The researchers used three groups of normal mice for the study, feeding them all a high-fat diet for 90 days. After that, five mice received no treatment, five were treated with empty capsules and five received an injection of active capsules containing genetically engineered cells. The capsules were injected into two areas of visceral fat in their abdomens.
The mice continued to eat a high-fat diet for another 80 days. The mice receiving no treatment continued to gain weight in those 80 days, while the mice receiving thermogenic cells lost weight for 23 days and then began to gain it back, eventually maintaining a steady weight even after continuing to eat excessive saturated fat. Mice receiving empty capsules also lost some weight, but the researchers determined in a separate pilot study that the sham injections did not reduce visceral fat.
The researchers examined visceral fat pads from the mice and determined that overall, lipid content was at least 20 percent lower in mice treated with active capsules compared to the placebo injection group of mice.
A closer look at exactly what was going on in the animals’ cells showed that the injected cells produced high levels of a protein called Ucp1, which burns fat, suggesting that this protein assisted in the visceral fat reduction.
By tagging the injected cells with a fluorescent protein, the scientists could use imaging technology to track the cells in the body; this not only benefited the research, but also provides a way to safely remove these capsules if needed, Ziouzenkova noted.
“The injected cells were perfectly inversely correlated with lipids – so the more injected cells we have capable of burning fat, the more fat gets burned,” she said. “These injected cells worked almost like missionaries, starting to convert host cells and turning them into thermogenic cells.”
Because that creation of heat could be uncomfortable inside a human body, the researchers analyzed the treated mice further to see if the thermogenesis in the belly would produce effects similar to hot flashes.
“Heat production was higher in injected animals, but it was not dramatically higher. So there is some kind of response, but it seems not to be at a magnitude impairing a patient’s well-being,” Ziouzenkova said. “The animals were also moving less than noninjected animals, but in spite of that, they were still able to lose visceral fat. Their glucose tolerance improved, as well, which is probably related to reduced visceral fat.”
Ziouzenkova said she hopes to design additional capsules to target a variety of diseases beyond obesity.

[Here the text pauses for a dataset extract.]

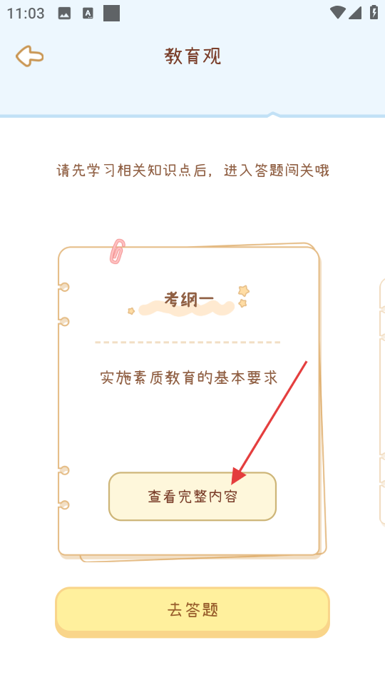 2. 在教育观页面,点击“查看完整内容”,查看考纲一的全部知识点。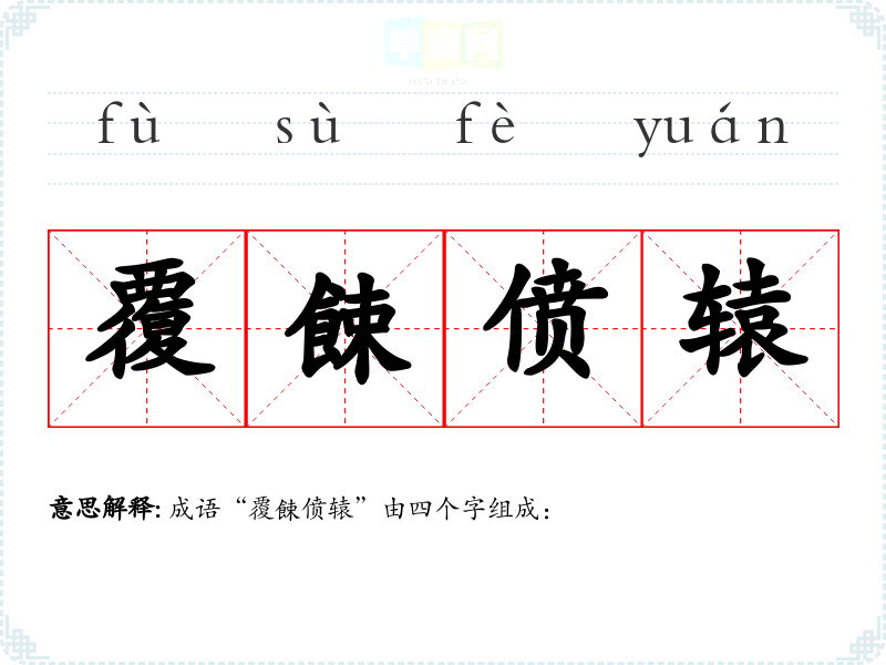 | 覆餗之衅 | 覆:翻;餗:鼎里的食物。鼎足坏了,食物倒出。指因不胜其力而坏事。 |

This work was supported by the American Heart Association Great Rivers Affiliate, the National Institutes of Health, a pilot industry partnership grant at the Center for Clinical and Translational Science (funded by the National Center for Advancing Translational Sciences), the Ohio State College of Education and Human Ecology (EHE), a Food Innovation Center Seed grant and an EHE dissertation fellowship.
Ziouzenkova collaborated with several Ohio State scientists on this research, including L. James Lee, director of the NSF Nanoscale Science and Engineering Center for Affordable Nanoengineering of Polymeric Biomedical Devices (NSEC); and Sanjay Rajagopalan, Chandan Sen and Sashwati Roy of the Davis Heart and Lung Research Institute (DHLRI). Additional co-authors include Fangping Yang and David DiSilvestro of the Department of Human Nutrition; Xulang Zhang of the NSEC; Andrei Maiseyeu of the DHLRI; Georgeta Mihai, Santosh Maurya and Muthu Periasamy of the Department of Physiology & Cell Biology; and Rumana Yasmeen and Valerie Bergdall of University Laboratory Animal Resources, all at Ohio State; and Gregg Duester of the Sanford-Burnham Medical Research Institute in La Jolla, Calif.